Humans are releasing methane too. Methane CO2+CH4 = Climate Chaos. General waste (landfill), Coal & Gas mining, Flood Irrigation, Cattle & Sheep
HYDRATES Many marine hydrates are locked in place by the icy abyssal currents that are generated by the sinking of cold, dense saltwater in polar regions. These abyssal currents gradually girdle the planet before surfacing and returning to their polar birthplace. This global circulation system is known as the thermohaline current. So long as these cold abyssal currents continue to flow, the world’s sea-floor hydrates generally remain frozen and stable. But whenever rising temperatures thaw the polar icecaps to any significant degree, the boyant melt-water pools on the surface, inhibiting the driving mechanism that runs the world’s thermohaline circulation system.

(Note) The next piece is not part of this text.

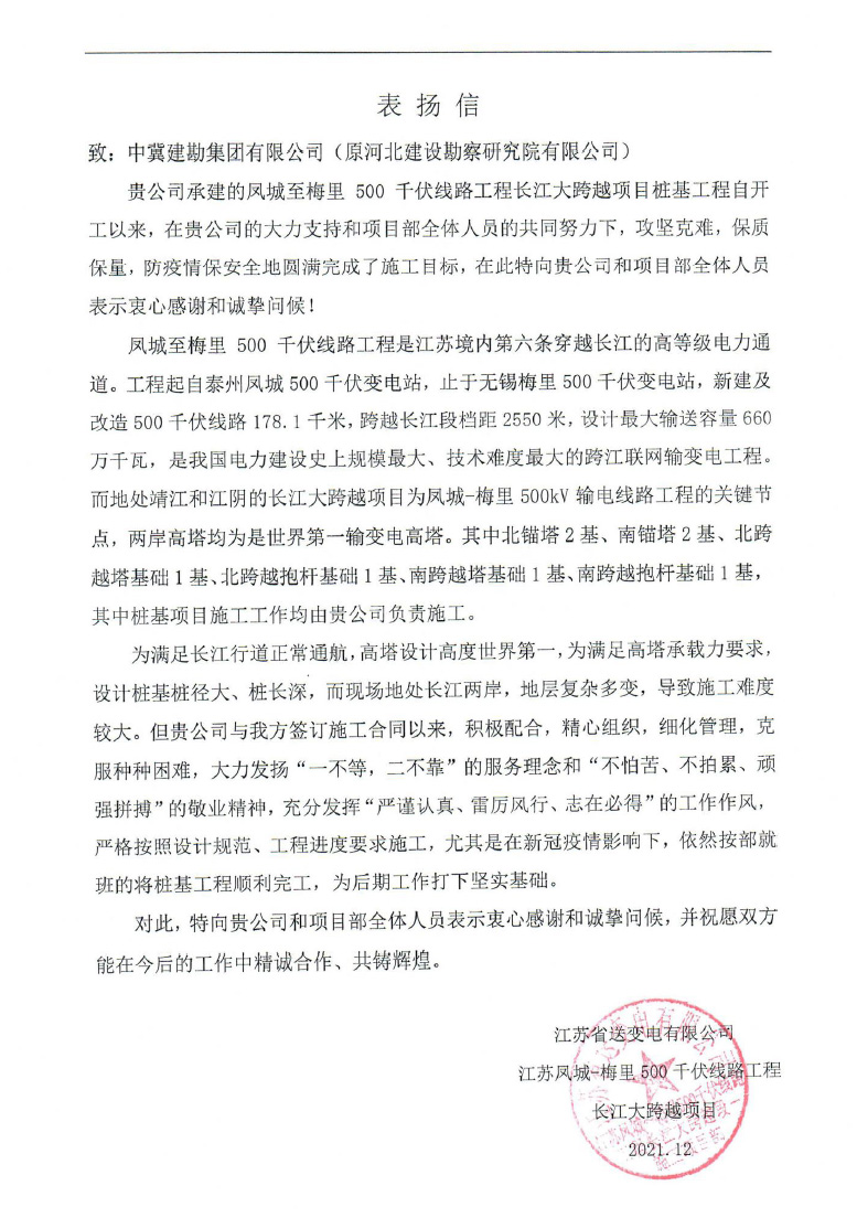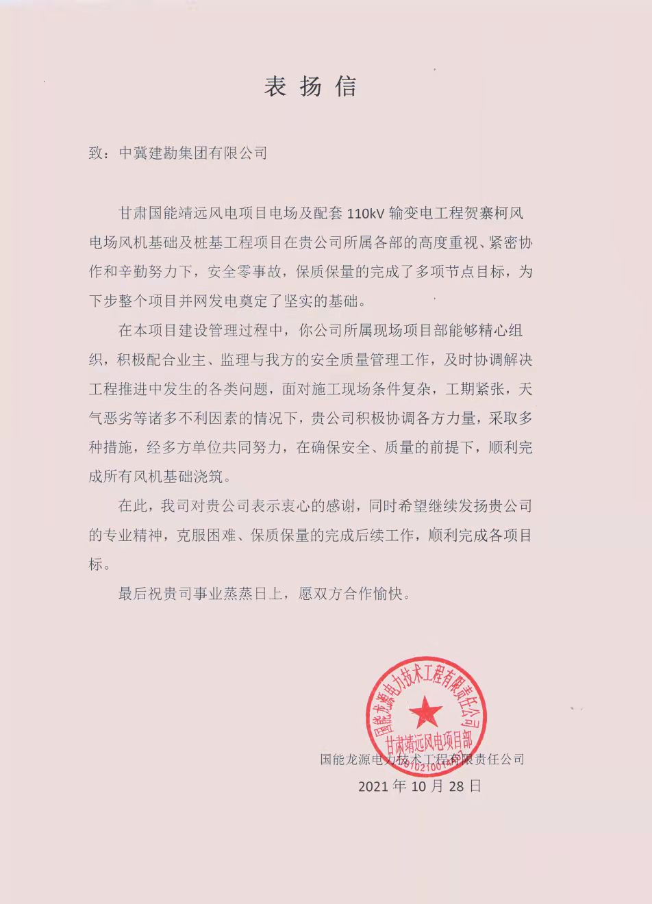 江蘇鳳城梅里500千伏線(xiàn)路工程長(zhǎng)江大跨越項(xiàng)目樁基工程,甘肅國(guó)能靖遠(yuǎn)風(fēng)電項(xiàng)目電場(chǎng)及配套110KV輸變電工程賀寨柯風(fēng)電場(chǎng)風(fēng)機(jī)基礎(chǔ)及樁基工程項(xiàng)目業(yè)主向我公司發(fā)來(lái)表?yè)P(yáng)信,并頒發(fā)了“進(jìn)度、質(zhì)量管理先進(jìn)單位”榮譽(yù)證書(shū),同時(shí),武衛(wèi)新、朱凱云、黃長(zhǎng)楠被評(píng)為“優(yōu)秀項(xiàng)目管理者”榮譽(yù)稱(chēng)號(hào)。
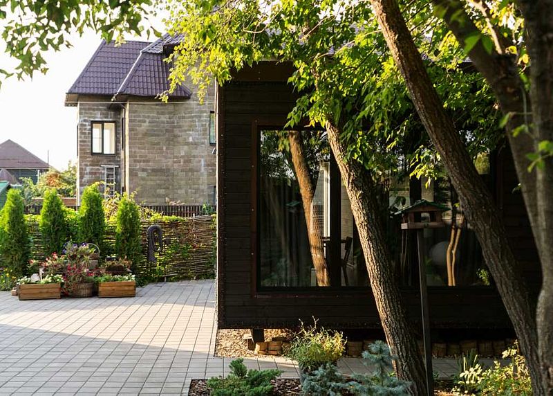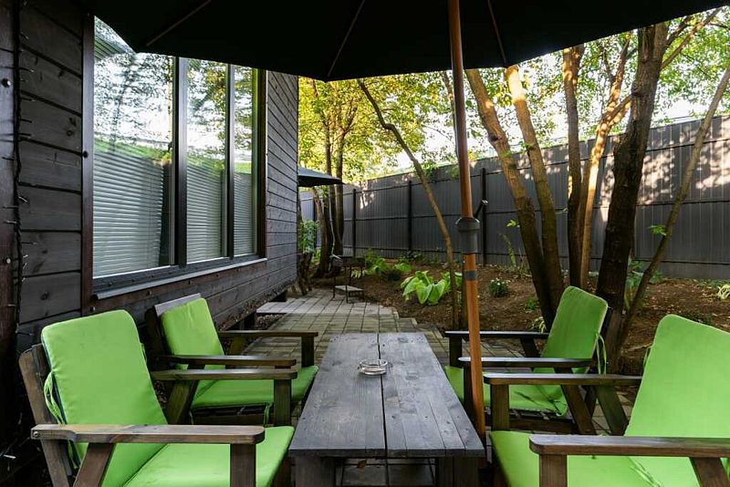 У каждого домика есть своё место на улице мангалом.

This allows wind-driven fingers of warm surface water to reach down to the sea floor and release the methane from its icy cage. The last time this appears to have happened was about 55 million years ago, when according to the geological record, a discharge of 1,200–2,500 gigatons of methane caused a temperature spike of 8°– 10°C in polar regions and brought lush redwood forest to northern Greenland. Such polar warmth generated a deep-ocean temperature rise of 5–7°C in high latitudes, and appears to have switched off the the world’s thermohaline circulation starving the inert abyssal waters of oxygen. The carbon-loaded acidified seas caused a mass extinction of marine foraminifera. The temperature spike that occurred at this time appears to have been vastly greater and more abrupt than could possibly have been generated by the gradual rise in atmospheric CO2 that preceded it.1 The global temperature has risen almost 30 times faster than this during the past 30 years.